Here is a great article from Fortune that a friend emailed me. It retells the situation of French President Mitterrand and his economic policies from the 80's. Here's a brief review of some important details:
Mitterrand won the presidential election on the Socialist ticket in mid-1981, pledging an ultra-Keynesian agenda of government expansion, and a program of sweeping nationalizations. His moderate supporters were certain that he would take a far more centrist approach once in office. But to their horror, Mitterrand kept his most radical promises. At the time, France, like the rest of Europe, was mired in recession. Mitterrand's strategy was to revive the economy by boosting consumer demand through vast increases in wages and government spending.It sounds very familiar, doesn't it? Check out the rest of the article to find out what happened. Ultimately, the article concludes:
The Mitterrand plan was the ultimate experiment in extreme stimulus, a Gallic campaign to out-Keynes even Keynes. The new president raised pay for civil servants and employees of state-owned companies.... He created 250,000 new government jobs, and lavishly increased payments to mostly middle-class families through a program called Allocations Familiales. The minimum wage rose sharply, and the government flooded the banks with easy money.
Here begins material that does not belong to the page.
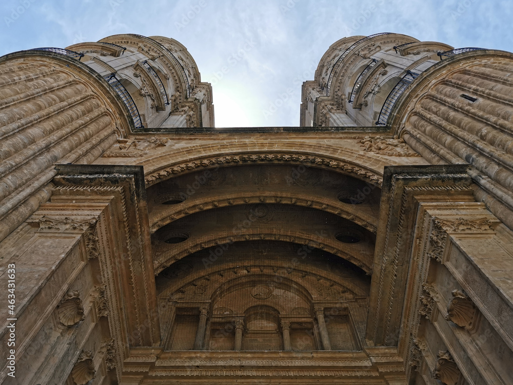 Facade of Renaissance Cathedral - Roman Catholic Church in the city of Malaga, constructed between 1528 and 1782. Costa del Sol, Andalusia, Spain.

To pay for all the new spending, Mitterrand tripled the budget deficit. Mitterrand not only talked like a Socialist, he acted like one, nationalizing 38 banks, including Paribas, and seven big industrial giants, ranging from chemical colossus Rhone-Poulenc to container producer Pechiney.
The results were an unmitigated disaster. In 1982 and 1983, inflation stood in double digits, twice the level in the Germany and America. Unemployment soared to over 10%. Mitterrand devalued the franc no less than three times to keep France's exports of wine and insulation competitive. The French economy was growing by millimeters while its European neighbors recovered in long strides. Top talent was fleeing: Bernard Arnault, now the CEO of luxury goods marketer LVMH, departed for the U.S., declaring that his homeland was becoming a "banana republic."
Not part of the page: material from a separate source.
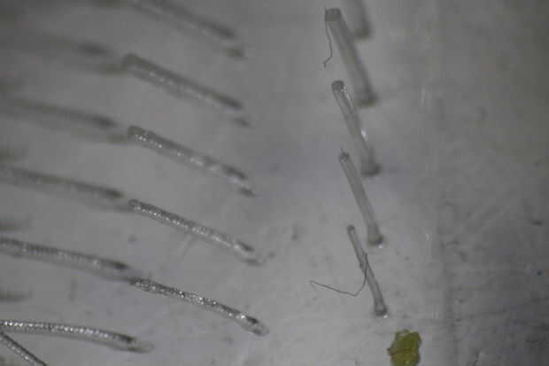 La desventaja es que rasgos negativos finos perdieron fácilmente si eran menores de 1 mm, sin embargo, como la foto muestra la x y resolución era todavía excelente de rasgos finos y fueron impresos mensajes 250 micrones de espesor.

Then, in early 1983, Mitterrand made an historic change in direction. Admitting that he'd been "intoxicated" by his Keynesian vision in 1981, Mitterrand, as the French say it, "put water in his wine" by shifting to far more conventional, prudent, and, frankly, capitalist policies.
"So Americans should hope for what they can get, a president willing to put water in his wine, and recognize the virtues of a policy that revived France 27 years ago, when François Mitterrand traded fantasy for austerity."